Air pollution is a growing concern in urban areas, and fine particulate matter poses significant risks to public health. Fine particulate matter is defined as particles that are 2.5 microns or less in diameter (PM2.5). Emissions from the combustion of gasoline, oil, diesel fuel, and wood produce much of the PM2.5 pollution found in outdoor air.

This work explores the use, for the first time, of machine learning techniques to predict PM2.5 air quality levels in Tashkent, Uzbekistan. The primary goal is to develop robust predictive models that can accurately estimate PM2.5 concentrations based on environmental and temporal factors. Open-source air quality datasets from ten automated air quality monitoring stations were utilized, and additional features, such as weather conditions and seasonal trends, were implemented to improve model accuracy. A hypothesis-driven approach was adopted to test the relevance of these features and assess their impact on model performance.
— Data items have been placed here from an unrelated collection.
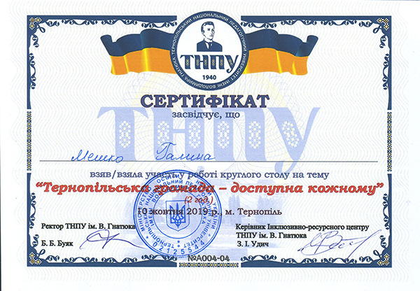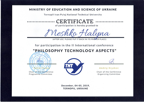 Міжнародне підвищення кваліфікації в Інституті Науково-дослідиому Люблінського науково-технологічного парку (Польща), тема стажування: «Distance Tools on the Example of Zoom and Moodle Platform», сертифікат, 2021р.
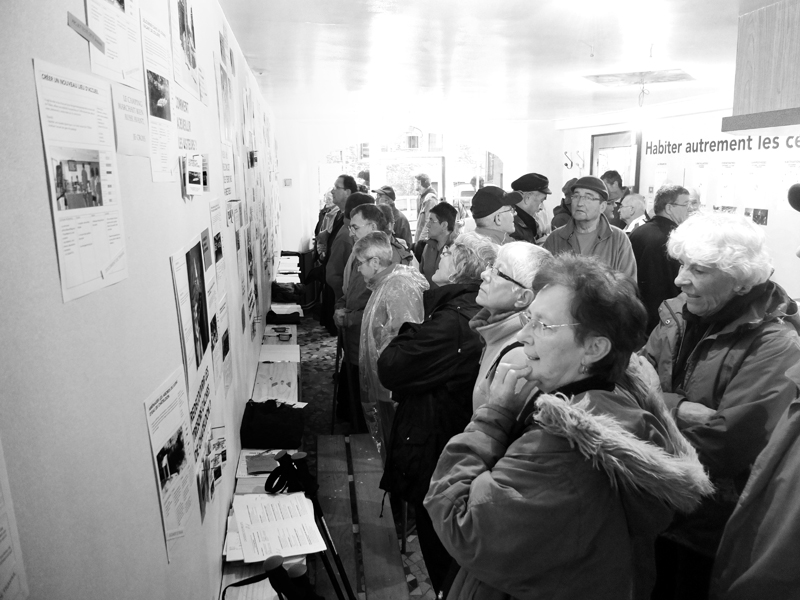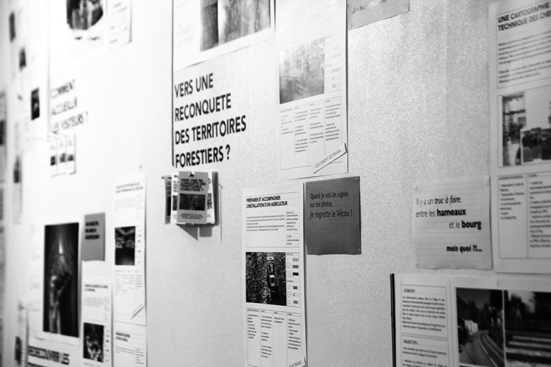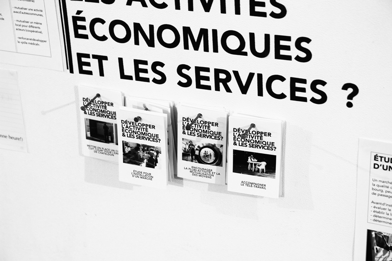 Et tout au long de notre étude, nous avons veillé à rendre lisible l’avancement de nos recherches, présenter le programme de nos actions, nos pistes de réflexions. Au n°4 place Jean Jaurès – là où l’on trouvait l’ancien bar-restaurant – se situait le lieu où notre travail était exposé, son déroulé et son avancement, les projets potentiels et leurs développements.
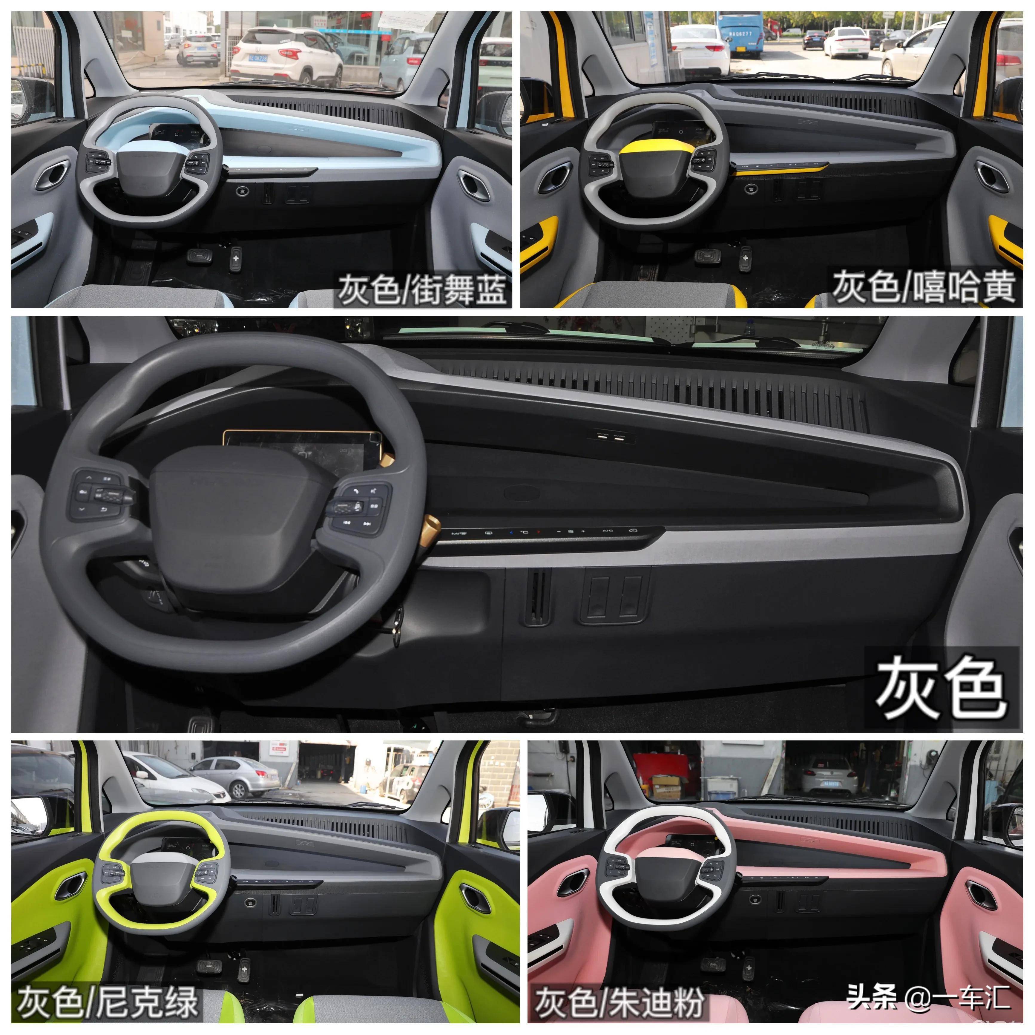 V全系共无六类车身配色可选2021款五菱Nano E,码灰为玩乐款和热爱款的常规配色其外电竞白、街舞蓝、嘻哈黄、数,dy款博属配色墨迪粉属于Ju,ck款博属配色尼克绿属于Ni,之外除此,了灰色或黑色车顶各类配色均供给,双拼色气概构成上下,构搭配后更显跃取玲珑的车身结。
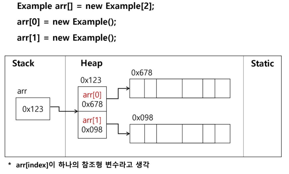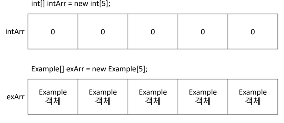 정의된 Example객체에 대해 exArr이라는 객체 배열을 생성하고, 그 크기는 5만큼 지정해 주었습니다.
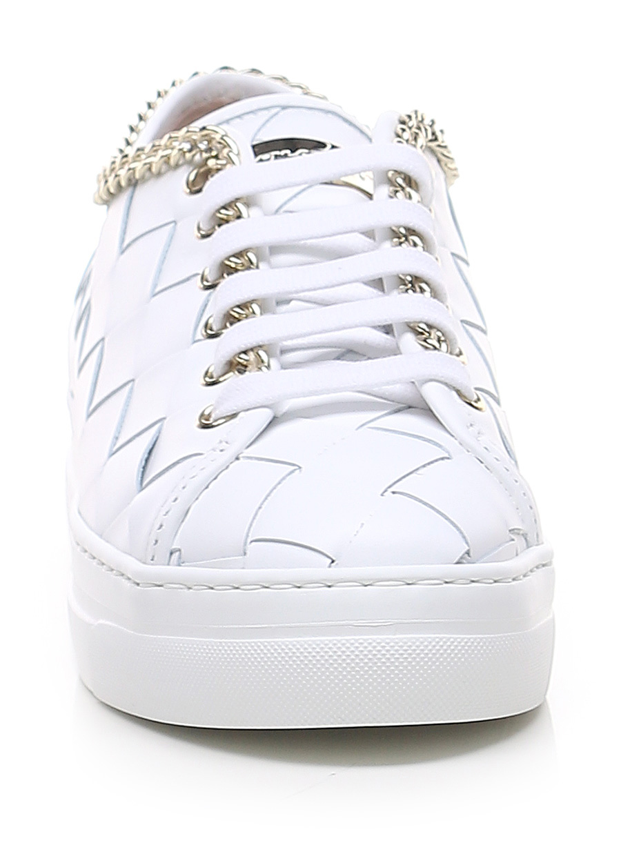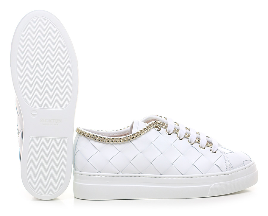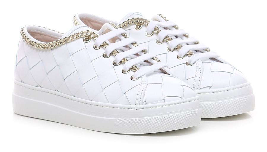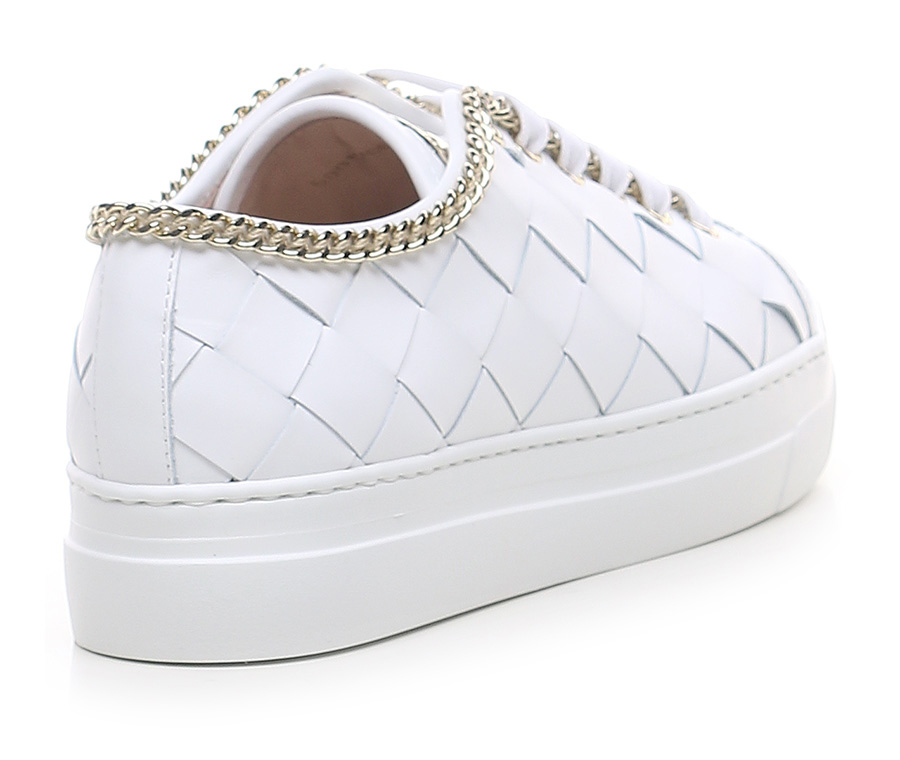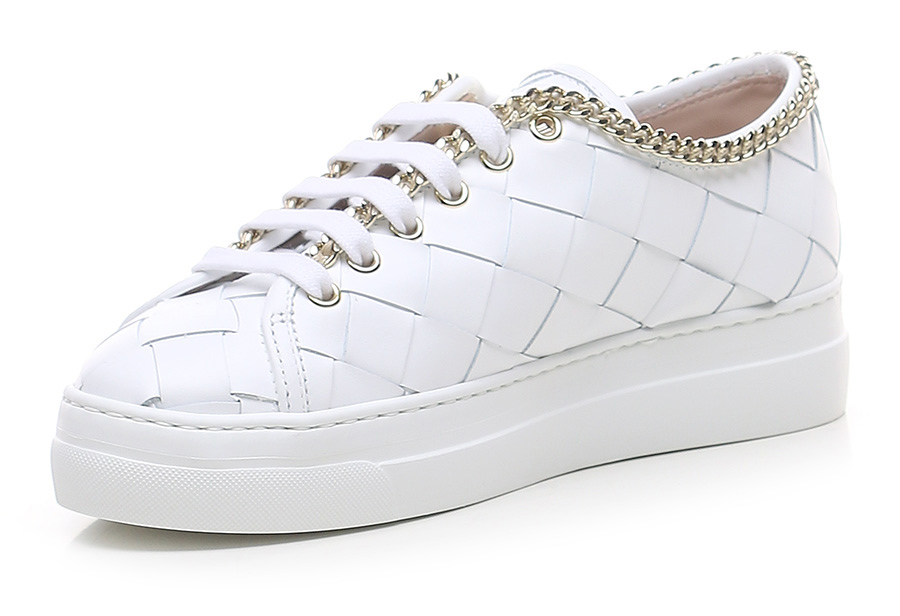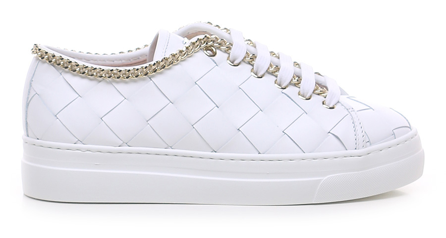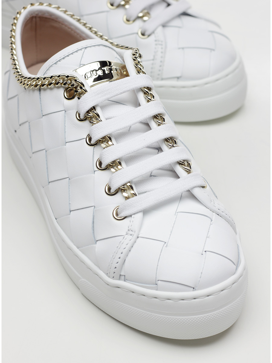 Sneaker in pelle intrecciata con accessorio metallico gold a catena su profilo tomaia. Suola in gomma. Altezza tacco 35mm, platform 30mm con battuta 5mm.

This study employed a range of regression models, starting with linear regression and progressively advancing to more sophisticated methods, including ensemble models such as Random Forest and Gradient Boosting.

The performance of these models was evaluated using the R² metric, with a focus on balancing accuracy and model interpretability.

Our results exhibit the great potential of machine learning in addressing urban air quality challenges and pave the way for informed environmental strategic decision making in Tashkent city and similar urban contexts.